Introduction to MongoDB Compound Indexes
Transcript from the "Compound Indexes" Lesson
>> Scott Moss: We're gonna talk about creating different types of indexes, and more specific, like I said, compound indexes. So a compound index is an index on more than one field. So we've been adding indexes on one field, like unique true on first name, unique true on email. Now we're gonna add indexes on a combination of fields, which is very, very, very useful.
[00:00:19] So for instance, if I have a school here as part of a district. Schools are part of districts, and let's say a district is a type of id type. So mongoose.Schema.Types.ObjectId, and ref, we don't have anything called district, but imagine we had a model called district. It's not that important for this example, but if we have one, it would reference that district, okay, but, thank you.
[00:00:51] Yeah, I thought that looked weird, I was like, there's something wrong. It's kinda weird to have two schools at the same district with the same name, it's kinda weird. But it's totally fine to have two schools in different districts with the same name, cuz they might be in different states, so that seems feasible.
[00:01:05] So we want our names to be unique, so if I just came over here and said, okay, type string for name,
>> Scott Moss: And then I put unique, that would not be good. Because now, you can never have two schools with the same name, even though they're in different districts.
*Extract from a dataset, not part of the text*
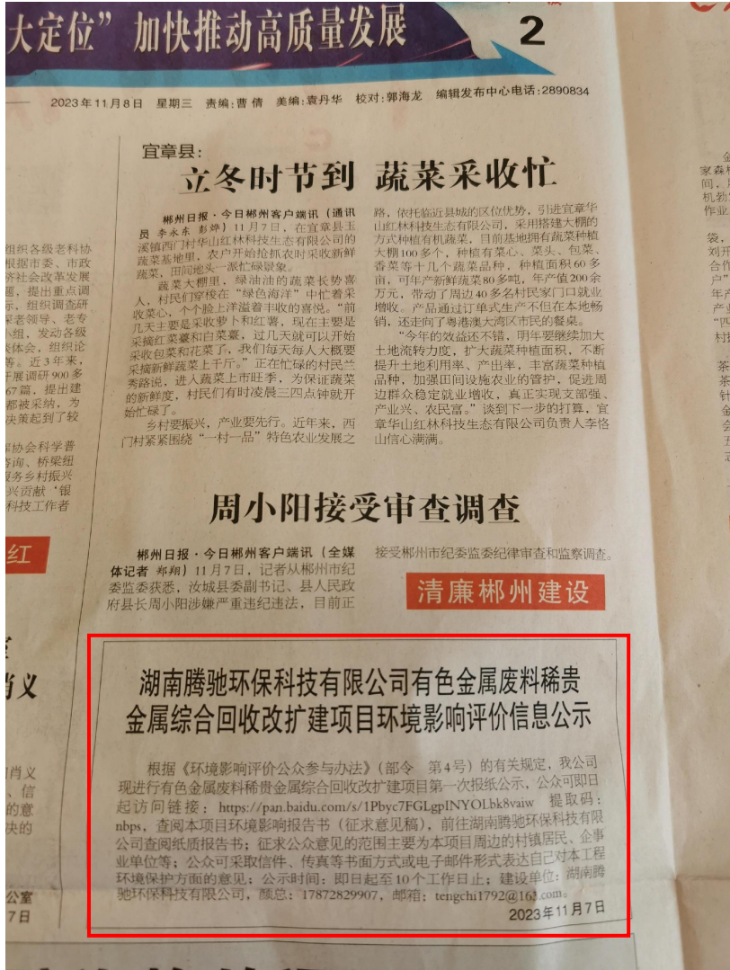
图 3-1 2023 年 11 月 8 日第一次报纸公示截图

[00:01:24] That's not what you want, you might have a school in New York who has the same name as a school in Atlanta. And they should basically have the same name. But if they're in the same district or county, they shouldn't, so how do you scope that? And this is where compound indexes come in.
[00:01:38] So without compound indexes, again, you'd have to do this yourself inside of middleware. So what we're gonna do is, we're gonna use a compound index for this. So what we wanna do is, we wanna make name unique, but scoped to a district. So the way we would do that is, we would use our schema object for school, so we'll say school.index.
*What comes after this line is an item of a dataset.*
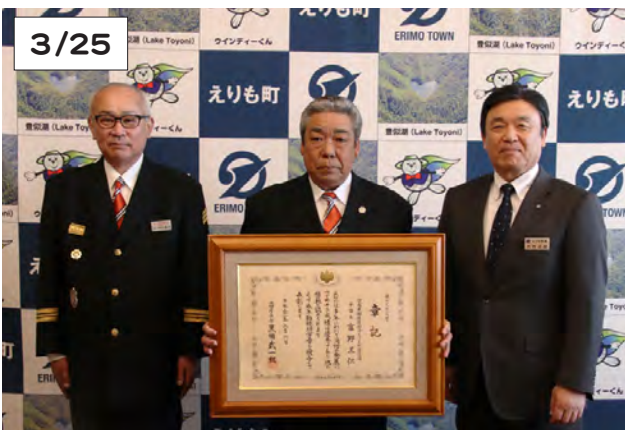
大西町長(右)から伝達を受けた富野さん(中央)

[00:01:56] And here, index is gonna take an object because we're doing a compound index. And basically, it's just gonna take a property name that you wanna index, and then it's gonna take a value. It's gonna be a number, and I'm gonna tell you what this number does in a minute.
[00:02:09] But basically, the first thing we wanna index is the district. So district: 1, and again, I'm gonna tell you what that 1 means in a minute. And the next thing we wanna do is, we wanna index the name, and we'll also put 1. And as a second argument, what we're gonna do is we're gonna say, unique: true.
[00:02:28] Okay, so now I'm gonna talk about all this. What's happening here is, obviously, these field names correspond to the field names on the school schema, so I want to index those. The 1 value, it's basically telling Mongo what order to, it's a compound index. So every time you set an index, you're gonna be reducing the size of the query that has to happen.
[00:03:19] But once they figured that out in a V8 node environment, they're able to determine that you declare district first, and then name second. Cuz it's the way that I wrote them, if I switched it, it'll be opposite. So what they're doing is, they're gonna create a compound index where this is the first half of the index, this is the second half of the index, it's very complicated.
[00:03:39] But the reason why this is important is because I need the name to exist underneath the district. If I put the name first, that's really not gonna help me. Now I still have unique names, and then now the districts are there for some reason, that really doesn't help me.
[00:03:54] But I wanna say, names have to be unique for a district, so they're not unique by themselves globally, they're only unique underneath a district.
>> Scott Moss: So basically, the short answer is, always put 1, you can put -1, just don't do that, just put 1. I think they're working on this, so just put 1.
[00:04:12] And I don't wanna talk about cardinality and how to figure out which ones go first. But in reality, it's such a complicated topic, you really just want to index by the one that has the highest potential of change. Right, which one of these fields might have the highest difference of values?
[00:04:36] Is district gonna have more chance of different values, or is name gonna have a different chance of different values? We're seeing how name might be conflicting, I would say districts might have a chance of having more different values. There's an option there where districts might have way more cardinality than names.
[00:04:54] Okay, it's very complicated, basically, yeah, you just wanna scope the big ones first, and then the little ones underneath it. And that's how you do a compound index, this is the same thing. So for instance, if we just wanted to index just the name, remember, we put index, we would put unique: true right here.
[00:05:14] You don't have to do that, you can just do this, it's the same thing. In fact, I always write my indexes like this, I don't put them up here, cuz I like to just see them all in one place. So I'll just do schema.index and write my indexes down here.
>> Scott Moss: So this is a compound index, so this is an index with two fields. So now if I try to save a school in the same district with the same name, it'll fail, no, those gotta be unique.